# Can you use too many root tabs?



## happi (Dec 18, 2009)

long as they are not floating around in the water and make sure they are burried under the gravel/sand very well. i have had always added more then recomended.


----------



## pandjpudge (Dec 7, 2008)

happi said:


> long as they are not floating around in the water and make sure they are burried under the gravel/sand very well. i have had always added more then recomended.


I do the same with my tank for my crypts


----------



## Sharkfood (May 2, 2010)

If you put a ton of them in, ammonia might leach into the water column. It'd probably take massive overkill though. I once put tabs in a grid every 3" in my 65 gallon tank to grow DHG. That was something like 50 root tabs. I don't remember where I read to do this. It seemed to me then, and still does, like overkill.


----------



## OverStocked (May 26, 2007)

Sharkfood said:


> If you put a ton of them in, ammonia might leach into the water column. It'd probably take massive overkill though. I once put tabs in a grid every 3" in my 65 gallon tank to grow DHG. That was something like 50 root tabs. I don't remember where I read to do this. It seemed to me then, and still does, like overkill.


As long as they are not right at the surface, this should never happen. 

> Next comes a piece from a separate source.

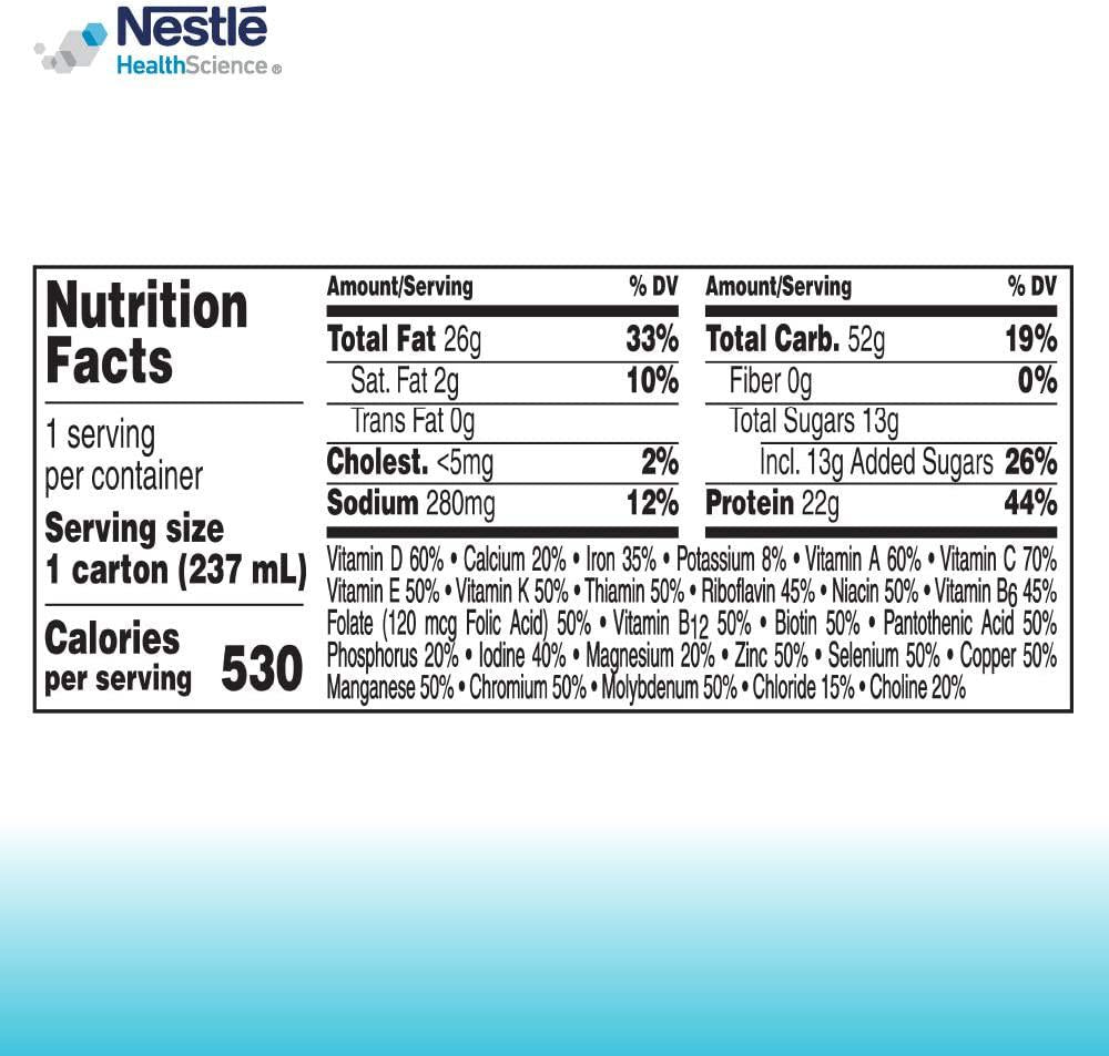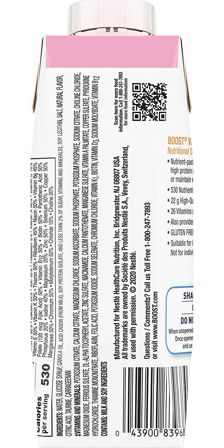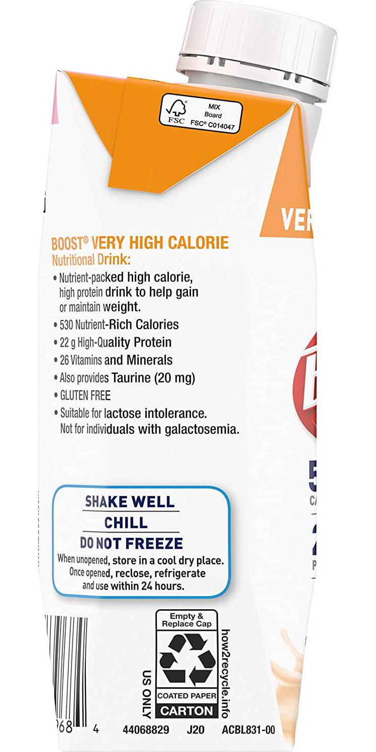 Boost Very High Calorie complete nutritional drink that provides 530 calories per 8 fl oz serving, 22 grams of protein, and 26 vitamins and minerals. Appropriate for fluid-restricted diets and increased calorie and protein needs. The most calorically dense nutritionally complete oral beverage - 2.25 kcal/ml. Nutritionally dense to accommodate diminished appetites. Combines high calories with high protein to help preserve lean muscle mass and support weight goals. Appropriate for fluid-restricted diets and increased calorie and protein needs. Best if served chilled.
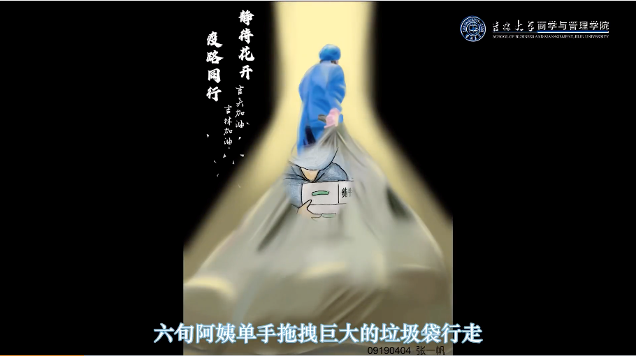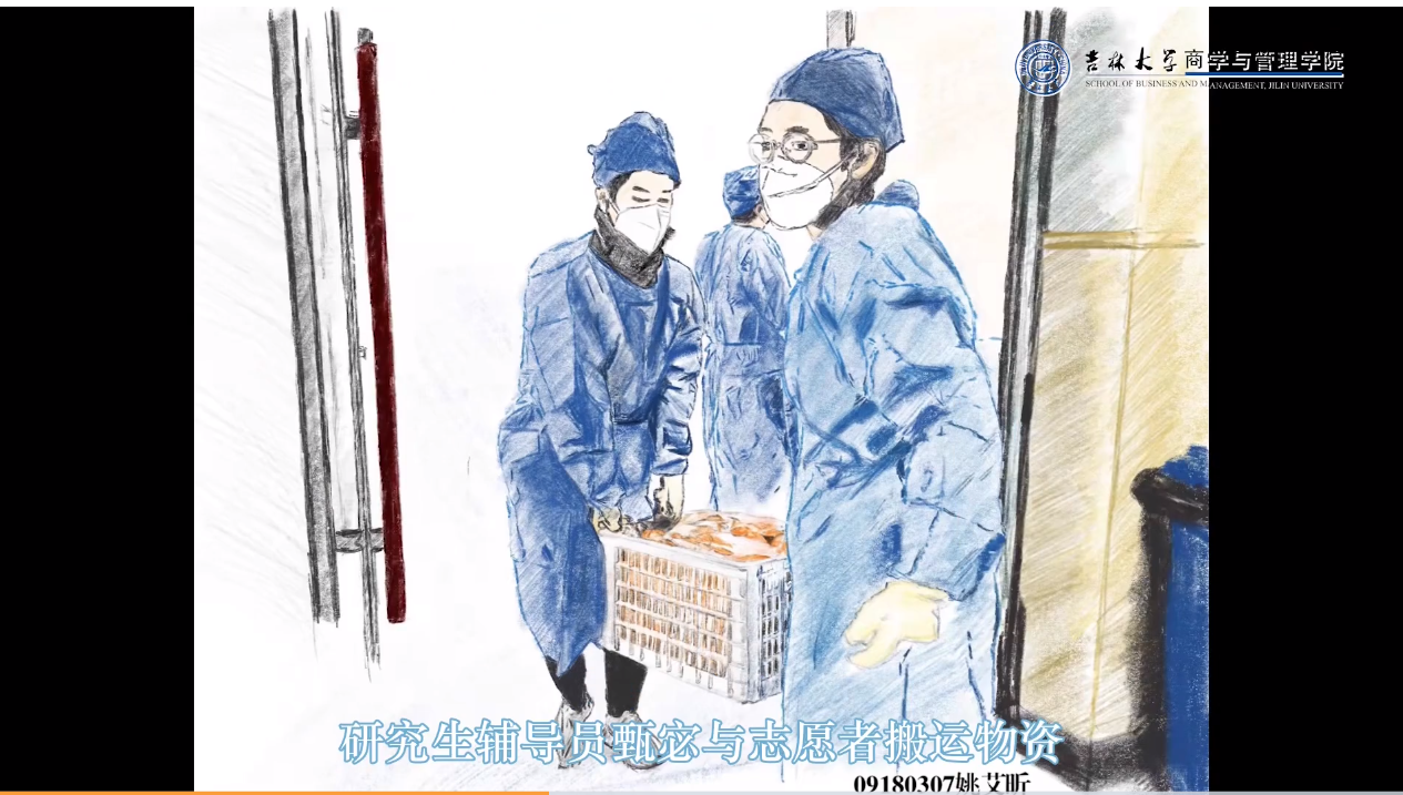 本次“疫情生画,以影纪疫”抗疫画作展活动的顺利推进与圆满结束,在深入贯彻了校院疫情防控期间学生教育精神的同时也切实益于学生拥有抗疫必胜的心理状态,引导同学们对抗疫志愿者怀有感恩的心。回归纸笔重拾绘画兴趣爱好,也助于提升文化与艺术素养,激发同学们封寝期间的创造积极性,促进了同学们德智体美劳全面发展。抗击疫情,“商管人”众志成城,青春无畏;“商管人”守望相助,踏雪前行。我们诚愿疫情早日散去,愿那时白山迎旭日东升,松水上冰雪消融,杏花林繁花似锦,笑语欢声依旧。待到春花烂漫之时,吉大定会逾越春寒!

At any given point, my 75g crypt tank has over 150 capsules in it... And I add them rather frequently.... ya know... cause I can. 

You could potentially spike ammonia, but established plants also uptake ammonia very quick.


----------



## Sharkfood (May 2, 2010)

I never had any problems when I put all those tabs in. Everything was fine. It just seemed like alot of tabs.


----------